The Stone Loach genus Homatula includes a number of small, benthic Fish, which live in the drainage basins of the Yellow, Yangtze, Pearl, Lancang, Nujiang and Red rivers. They are sometimes considered to be a part of the genus Paracobitis, which is morphologically similar, but the two are generally considered separate, due to their different distributions, with Homatula known only from China, and Paracobitis found only in western Asia. Studies based on the morphology of Homatula have suggested that there is more diversity that the current number of species (19-20), but to what extent this reflects variation within species rather than the presence of undescribed species remained unclear, until scientists began to apply genetic identifications to the genus.

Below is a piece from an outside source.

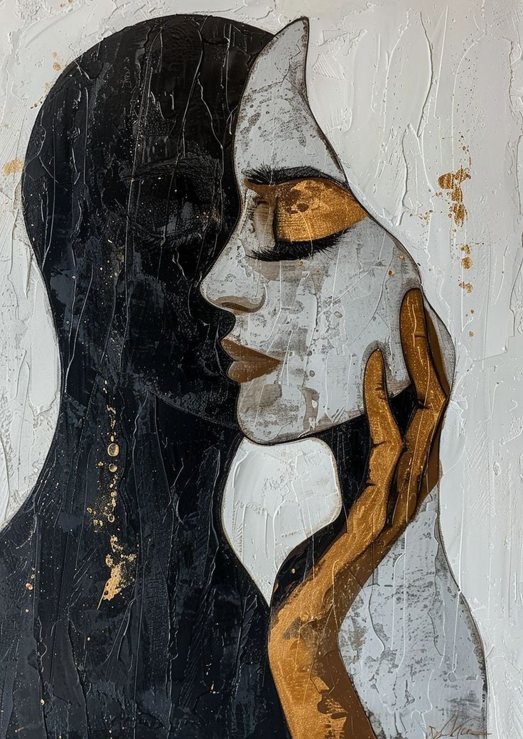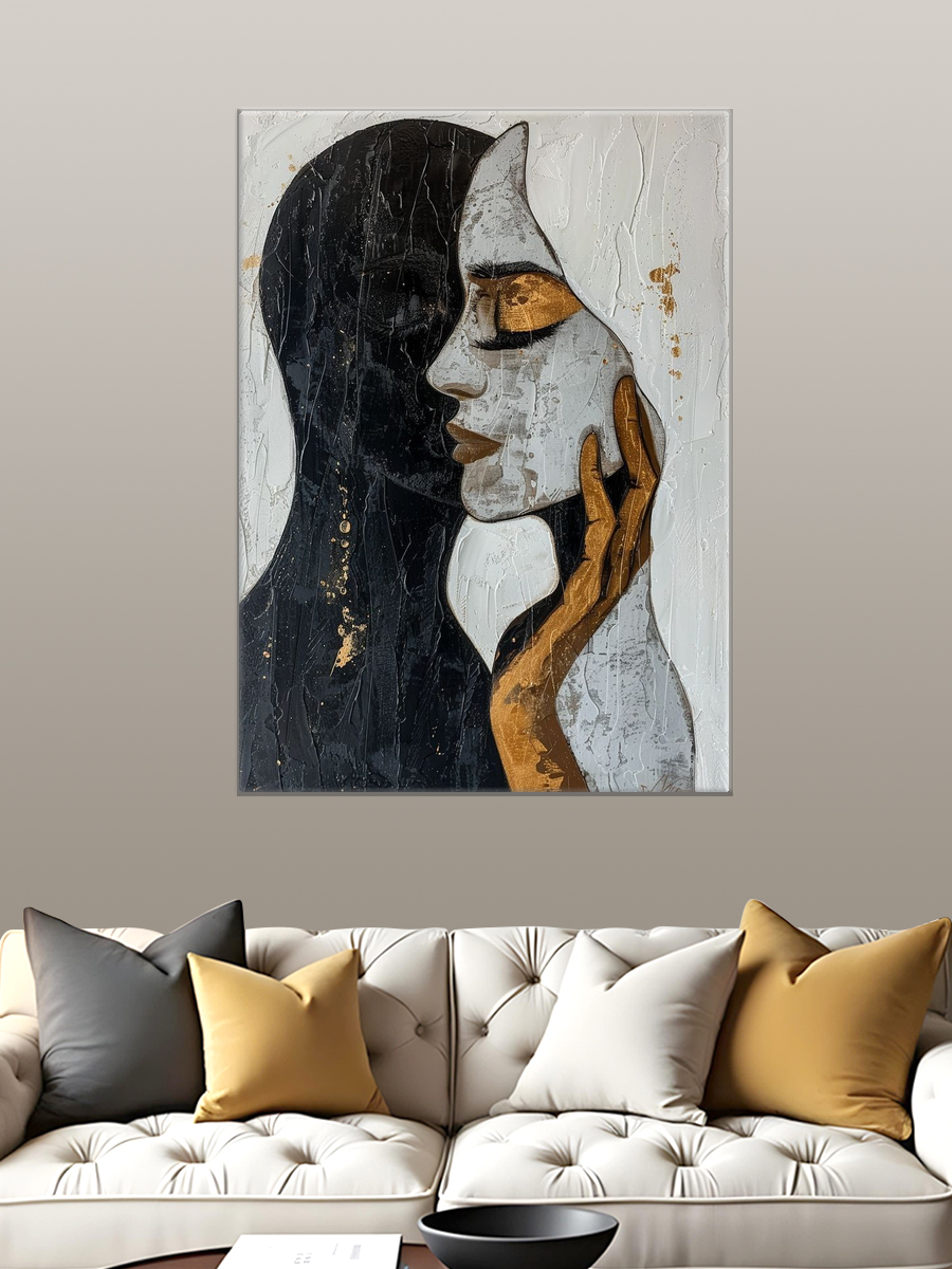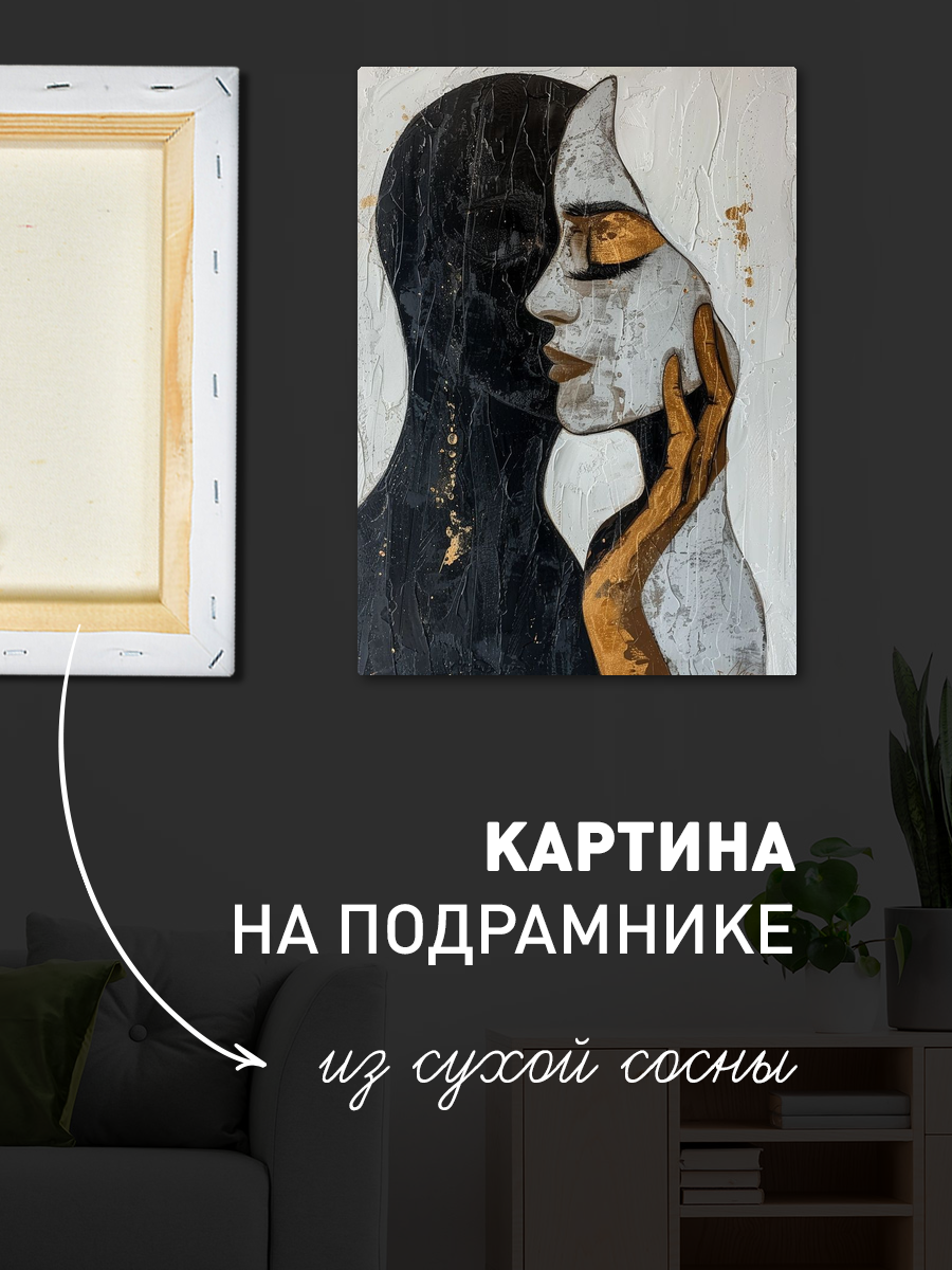 Описание: Картина 50 на 70 "Поцелуй двух душ" представляет собой удивительное художественное произведение, на котором изображены две лица, плавно переходящие друг в друга, олицетворяя единство и гармонию. Основная идея картины заключается в выражении глубоких чувств любви и привязанности, что делает её уникальной и запоминающейся. Эта картина вызывает множество эмоций: от нежности до умиротворения. Она способна наполнить пространство теплом и уютом, создавая атмосферу романтики и спокойствия. Глядя на неё, вы почувствуете, как внутри вас пробуждаются чувства и воспоминания о близости и доверии. Картина идеально впишется в любой интерьер — будь то гостиная, спальня или даже офис. Она станет изысканным акцентом на стене, привлекающим внимание и вызывающим интерес у гостей. Сочетание черного, белого и золотого цветов делает её универсальной, подходящей как для современных, так и для классических интерьеров. Добавьте в своё пространство частичку искусства, которая не только украсит ваш дом, но и станет источником вдохновения и положительных эмоций каждый день.

In a paper published in the Biodiversity Data Journal on 16 June 2021, Chuanjiang Zhou, Wenwen Ma, Xi Wang, Yongtao Tang, Xiaoling Meng, and Guoxing Nie of the Engineering Technology Research Center of Henan Province for Aquatic Animal Cultivation at Henan Normal University, describe a new species of Homatula from the Guanhe River, in the HanJiang River drainage (a tributary of the Yangtze River),  in Xixia County, Henan Province.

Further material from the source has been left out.